Data extract =
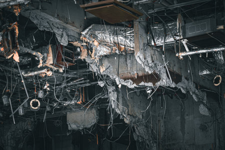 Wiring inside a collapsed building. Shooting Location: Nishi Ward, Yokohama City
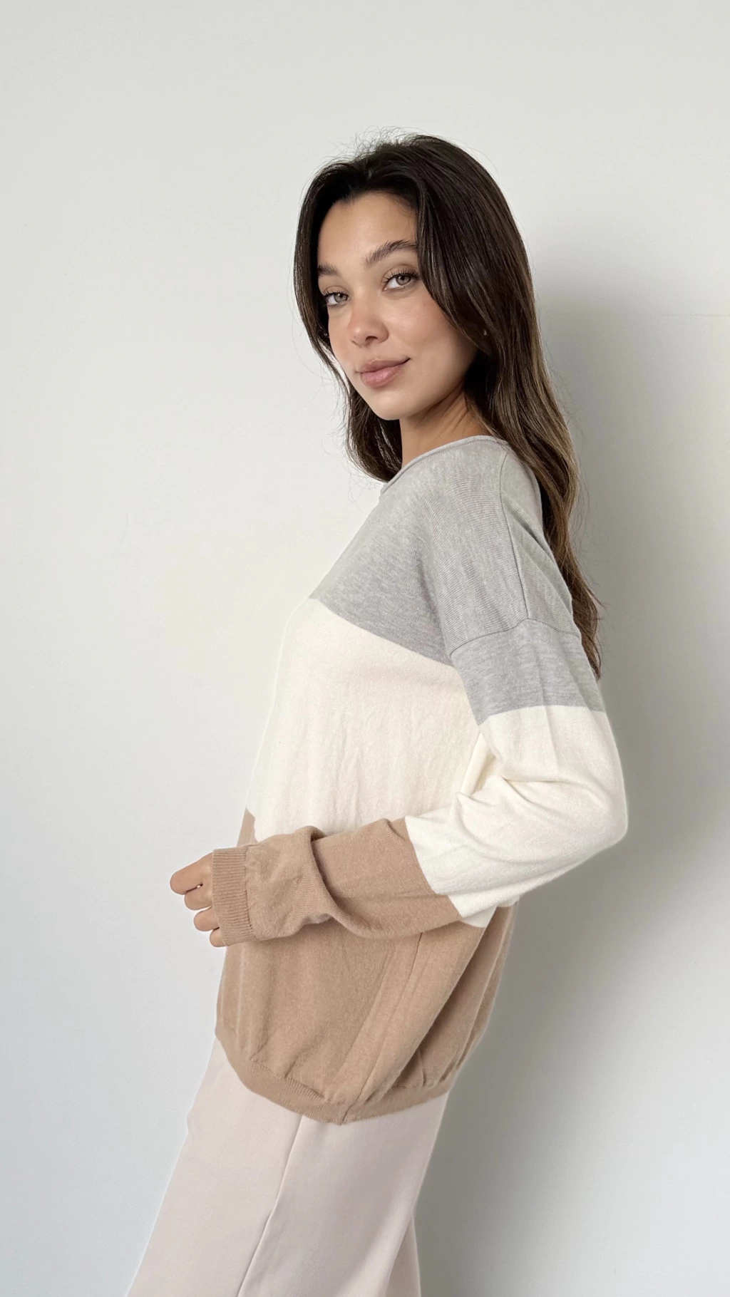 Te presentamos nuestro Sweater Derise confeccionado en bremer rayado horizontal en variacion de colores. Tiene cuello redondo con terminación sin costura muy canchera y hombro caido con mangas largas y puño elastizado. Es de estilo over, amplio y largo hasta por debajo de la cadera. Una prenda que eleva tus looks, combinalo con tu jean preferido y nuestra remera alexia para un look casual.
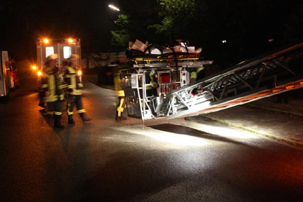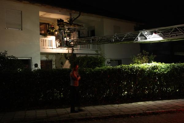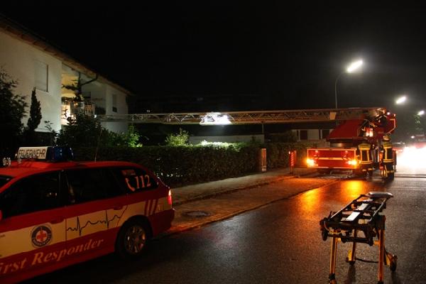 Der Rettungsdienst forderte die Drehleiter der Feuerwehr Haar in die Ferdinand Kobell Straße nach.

Try it = Would you retype the listing above exactly, omitting its pictures?

Answer box =
 Wiring inside a collapsed building. Shooting Location: Nishi Ward, Yokohama City
 Te presentamos nuestro Sweater Derise confeccionado en bremer rayado horizontal en variacion de colores. Tiene cuello redondo con terminación sin costura muy canchera y hombro caido con mangas largas y puño elastizado. Es de estilo over, amplio y largo hasta por debajo de la cadera. Una prenda que eleva tus looks, combinalo con tu jean preferido y nuestra remera alexia para un look casual.
 Der Rettungsdienst forderte die Drehleiter der Feuerwehr Haar in die Ferdinand Kobell Straße nach.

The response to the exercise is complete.